HIV Infection and AIDS progression can throw some light into it. Once a person if infected with HIV, the virus count in the blood would rise to a tipping point, known as peak viremia and patients with the highest peak viremia typically started feeling sick sooner and developed fast progressing AIDS. More than peak viremia, what presented a better picture was set point—the level at which someone’s virus count settled after initial peak countering infection. This was a balance between the virus and host where they entered into a symbiotic relationship. People with a high set point tended to progress more rapidly to aids and people with a low set point frequently proved to be “slow progressors.” The viral load—a continuum, not a binary value—helped predict the nature, course, and transmissibility of the disease.
We have still not been able to differentiate the responsiveness based on route of infection. It’s possible that virus inhaled in the form of aerosols triggers different immune defences than does virus acquired by touching contaminated surfaces and then touching one’s face. The nose and the lung differ in local defences, so the route of infection could significantly affect the outcome.
While studying viral load it may be important to also take into consideration the virulence of virus itself. Viruses differ in virulence — their capacity to damage host tissues or immunity — even when they are all the same species.
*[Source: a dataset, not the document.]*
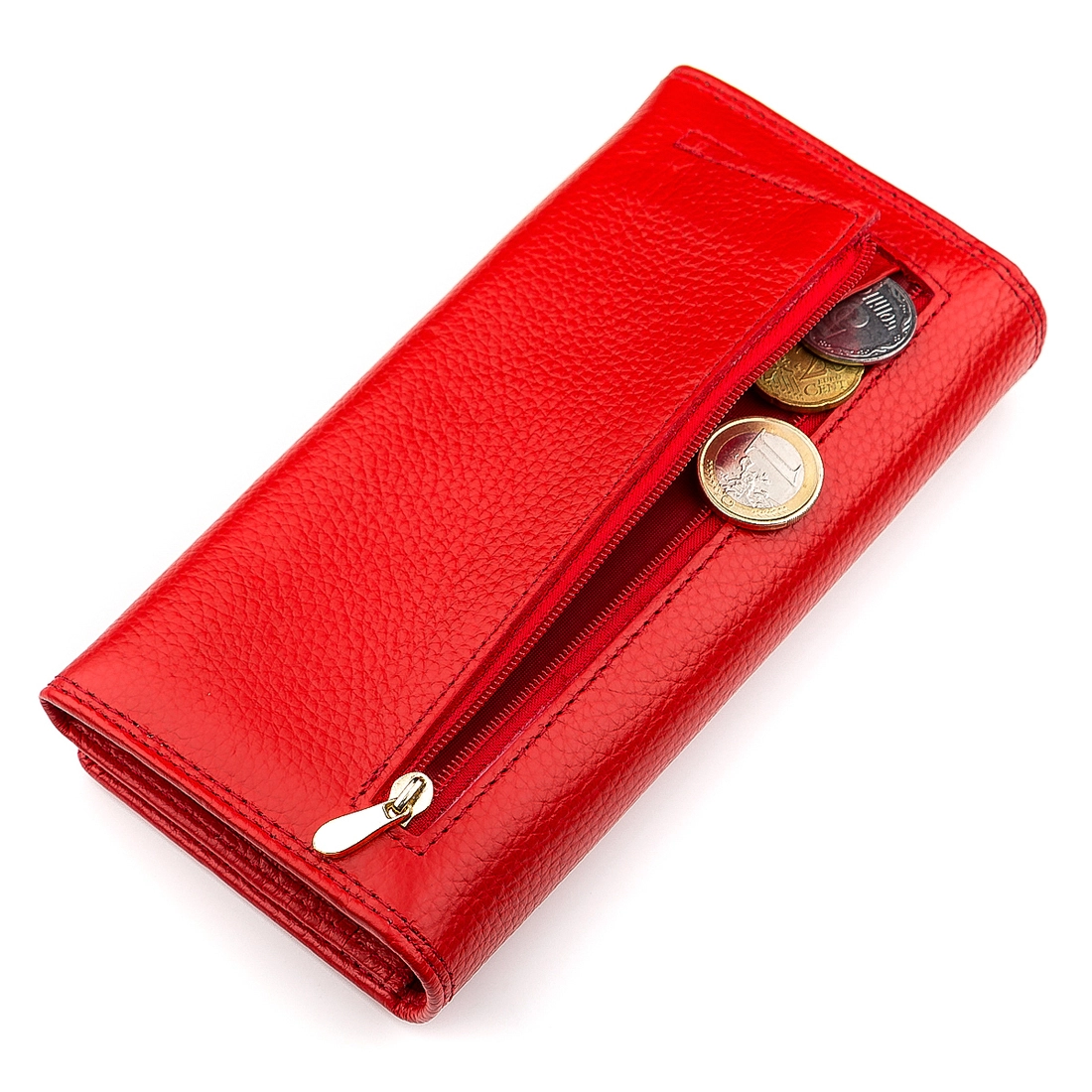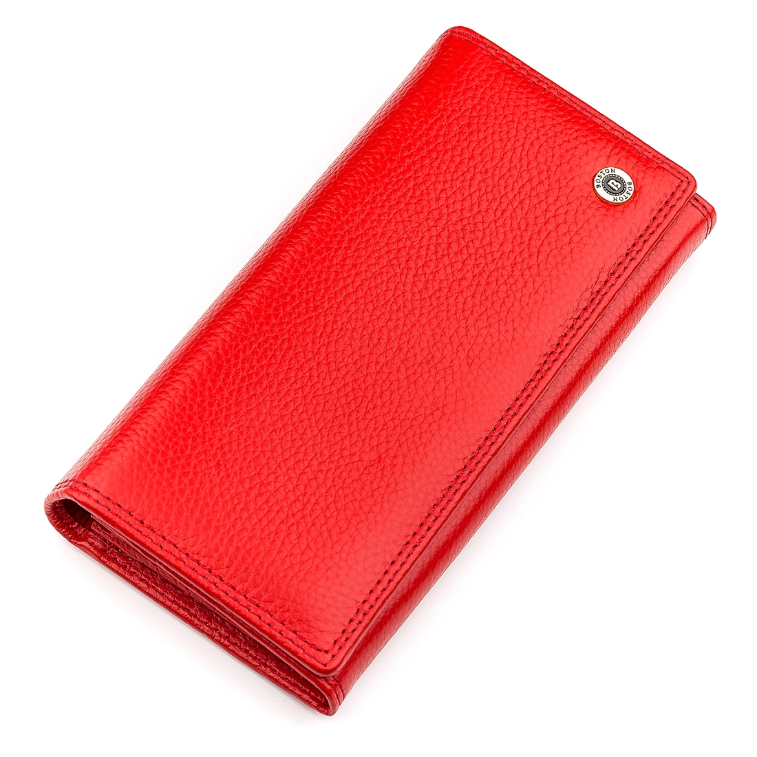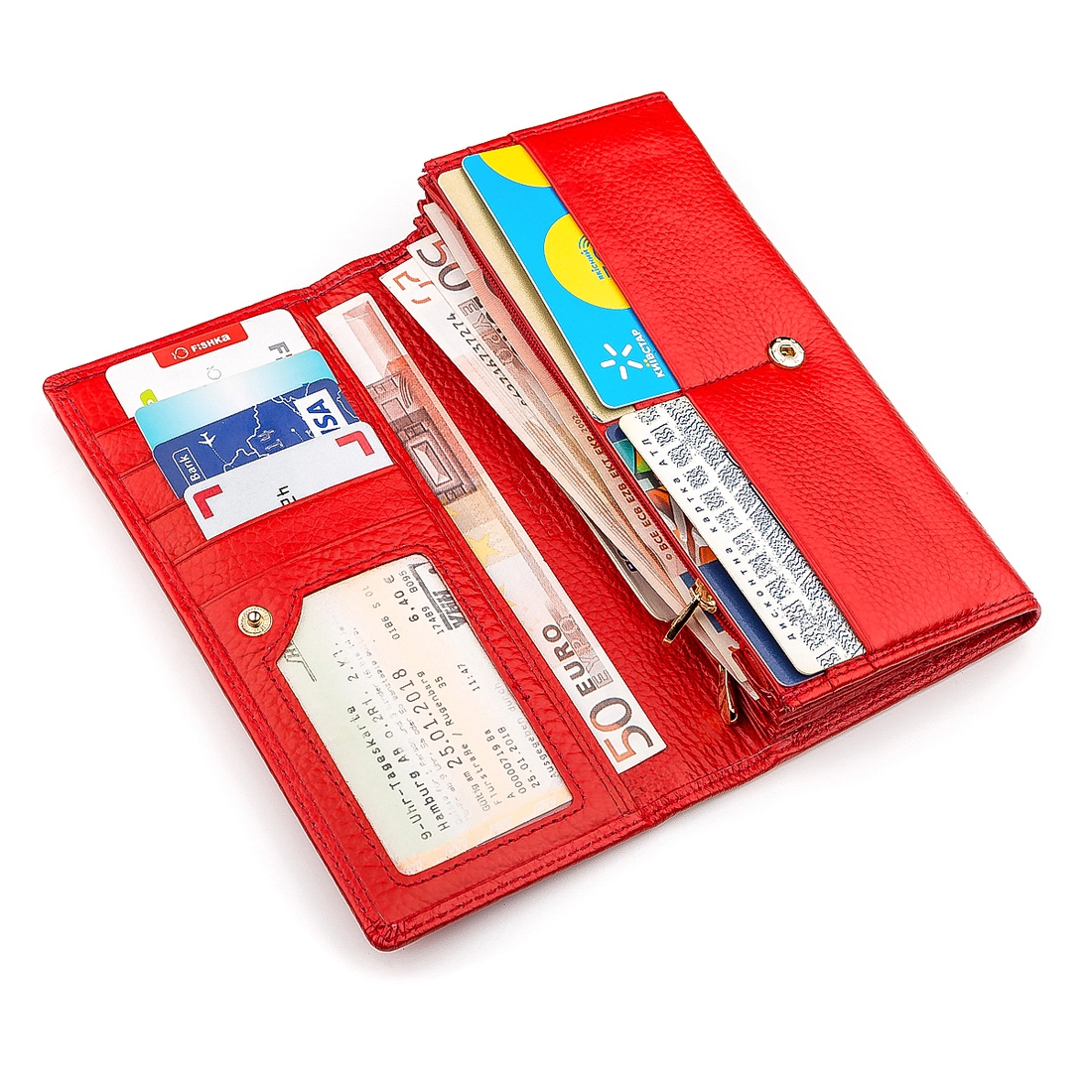 Данный кошелек имеет привлекательный дизайн и производится с очень качественной кожи, имеющей природную фактуру, а также на лицевой части располагается фирменный значок с прошитой надписью снизу. Фурнитура надежная и оформлена в золотистом оттенке, дополняя основной красный цвет. Внутри достаточно места для удобного расположения бумажных купюр, банковских, дисконтных карт, визиток и документов, ведь отделения просторные и выполненные с текстиля. Также есть закрывающиеся карманы, которые еще расположены снаружи. Кошелек упакован в фирменную коробку от производителя. На страницах сайта нашего интернет-магазина есть достаточно большой ассортимент качественных аксессуаров, который понравятся многим, благодаря функциональности и внешней привлекательности.

A virus that is virulent in one setting may be innocuous in another, and a host may be susceptible or resistant depending upon age, route of infection, or properties of the virus. The varieties of a virus such as coronavirus differ depending on small genetic characteristics and how these affect the interaction with human hosts. As the coronavirus spreads from person to person, it may undergo unique changes in its genetic structure that enhance or attenuate its capacity to do harm. Strains that are more virulent could lead to more severe disease.
Quantifying viral loads may not only drastically change the treatment pattern but also will give us a fair idea of the prognosis. The quantitative approach of measuring viral load and corelating it to susceptibility can be applied to clinical drug trials as well as vaccine development. Clinical drug trials are typically more informative when run on subjects who are infected but are yet not critical; any therapy trial at the stage of ventilator in COVID-19 might be too little, too late. If the disease course in such patients is followed using viral-load metrics, rather than by tracking symptoms alone, the effect of a drug in different trials can be compared more easily and accurately.
A pandemic often comes with panic. Tracking an individual rather than containing the spread in a community would seem to be too indulgent and waste of resources. It is a prevention to control the bigger damage. This crisis requires that we measure and assess both the amount of risk as well as in intensity of risk hand in hand with the cure and control. That is the way to save lives from a disease as infectious as this.